UNIX, MS-DOS, Macintosh, etc return character? 
Author Message
 UNIX, MS-DOS, Macintosh, etc return character?

is it the same with ALL platforms?!?!

like \n  is used with MacPerl, but does \n also signify a UNIX newline?
What about a MS-DOS newline?!?!

HELP!!

Thanks alot everybody.

Please reply via personal e-mail, as to I have little time at all to scan
the newsgroup for replies to this article..  please..  thanks.

-T-


*NO* chain letters of any kind!    World Wide Web Page designer, ask for it
PGP available.   I'll offer to anyone who has a valid reason for needing it.



Thu, 03 Dec 1998 03:00:00 GMT  
 UNIX, MS-DOS, Macintosh, etc return character?

[a copy of this article was emailed to the original poster.]

Quote:
>is it the same with ALL platforms?!?!
>like \n  is used with MacPerl, but does \n also signify a UNIX newline?
>What about a MS-DOS newline?!?!

Since Standard C specifies that the end of line symbol is the single
character "\n", the standard C library for operating systems (although
I know that people will disagree with me, I'm including MS-DOS as an
operating system.) in which the end of line token is not "\n" do some
sort of conversion. In some libraries, when a line is read, it
converts the native EOL symbol into a single "\n", on input, and
convert "\n" to the native EOL on output. (on MS-DOS C libraries, it
involves stripping "\r" on input and adding "\r" on output. On the mac
it involves substituting "\r" for "\n".) Since perl in linked with the
C compilers standard C library, it imitates that behavior. (I think
that I read that CodeWarrior, which the distributed binaries of
MacPerl are compiled with do things differently.
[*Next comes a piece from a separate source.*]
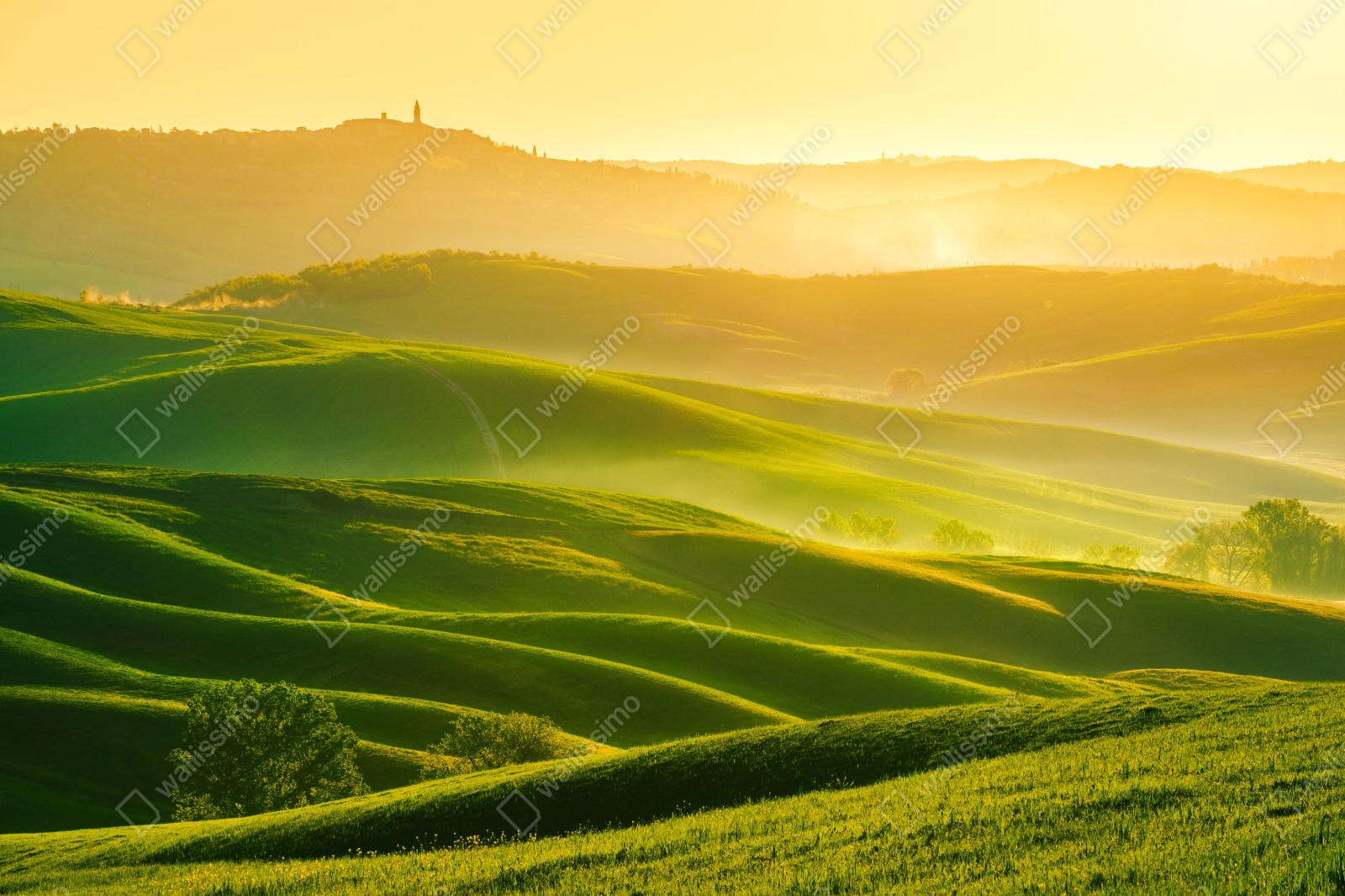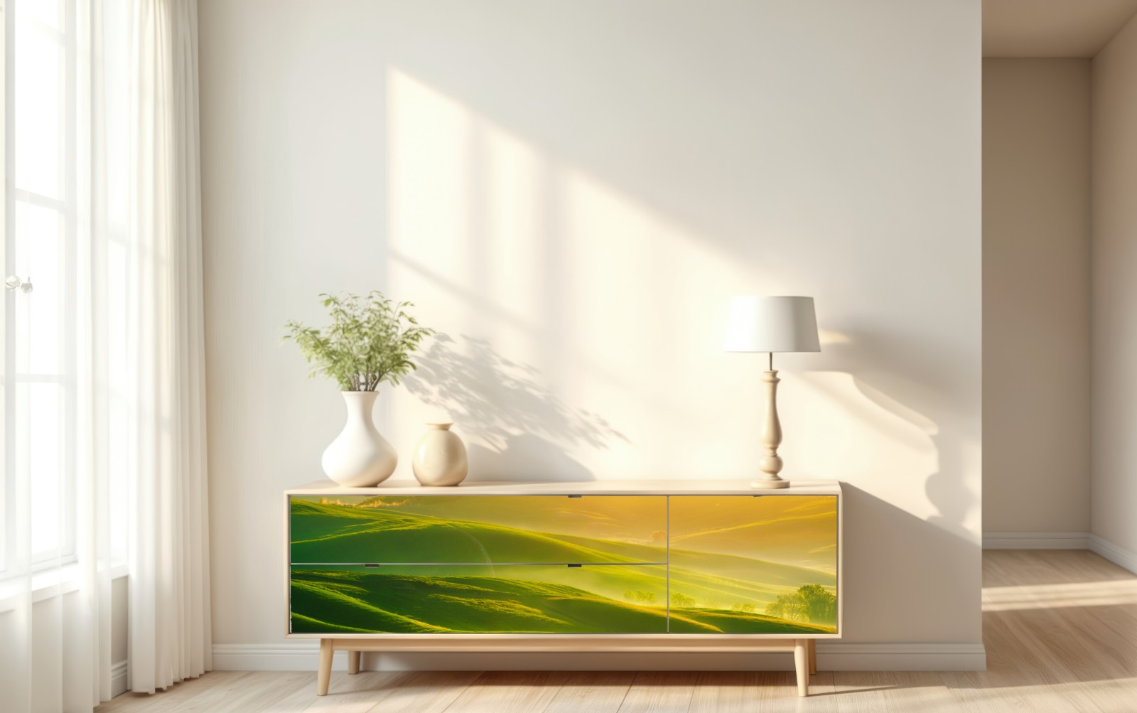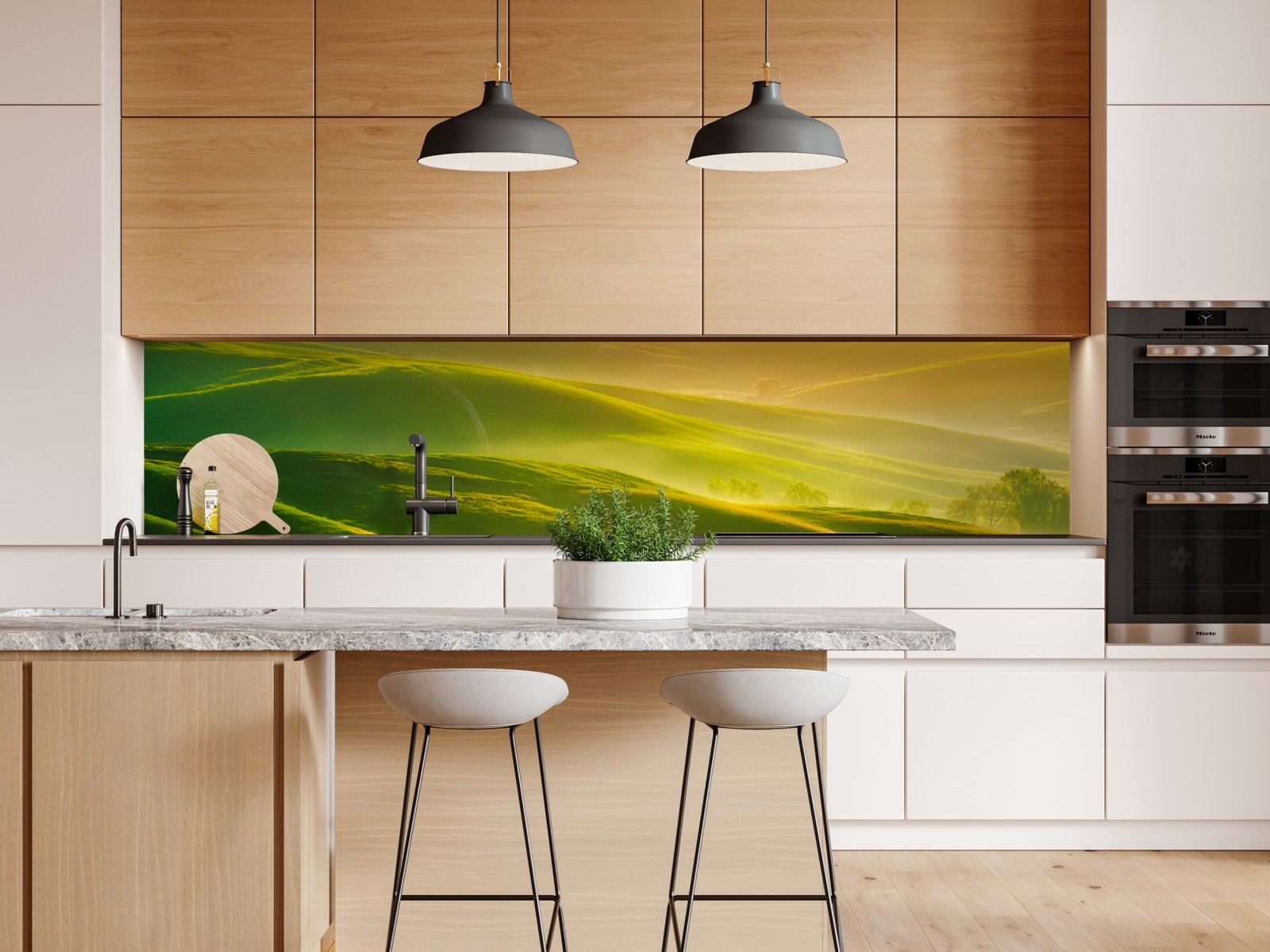 Bringen Sie die Ruhe der Landschaft in Ihr Zuhause mit diesem Panoramablick auf sanfte grüne Hügel im warmen goldenen Licht.

They take the
character sequence "\n" to be the ASCII CR sequence. The result is
similar as long as you use "\n" to mean end of line and not try to use
something like chr(10).)

The end result, for text files, always use "\n" as end of line, and
perl (through the C compiler libraries) will always do the right thing
for text files native to the operating system on which it is running.
If you are moving files from one operating system to another, the
files may become improper files for the target OS and you will either
need conversion utilities to fix them or you can make your own if you
know the native format for each operating system you are dealing with.
("\n" for unix and the amiga, "\r\n" for MS-DOS, Windows (again some
people may object to using the term operating system to describe
Windows), and Windows-NT, "\r" for the MacOS.)

Because of the different EOL characters, the standard C library also
added two different modes of accessing a file, binary and text. On
Unix systems, the two are treated the same, on systems with EOL
symbols which are not "\n", the conversion is only done in text mode.
Binary mode passes the characters unchanged. Perl has a function
called binmode() which converts an open filehandle from text mode to
binary mode. There is no way of changing an open filehandle back to
text mode.
--
Andrew Langmead



Fri, 04 Dec 1998 03:00:00 GMT  
 UNIX, MS-DOS, Macintosh, etc return character?

: is it the same with ALL platforms?!?!

: like \n  is used with MacPerl, but does \n also signify a UNIX newline?
: What about a MS-DOS newline?!?!

Well, yes, all versions and ports of Perl use \n to indicate the
newline character.  All versions and ports of Perl use \r to indicate
a return character.

What are you trying to do?  You did not really say what the problem
was...

Also, MS-DOS appends a ^M *Control-M* to the end of each line; UNIX
adds nothing, and I'm not sure about Macs.

Hope this helps.

Nate



Fri, 04 Dec 1998 03:00:00 GMT  
 UNIX, MS-DOS, Macintosh, etc return character?


Quote:

> : is it the same with ALL platforms?!?!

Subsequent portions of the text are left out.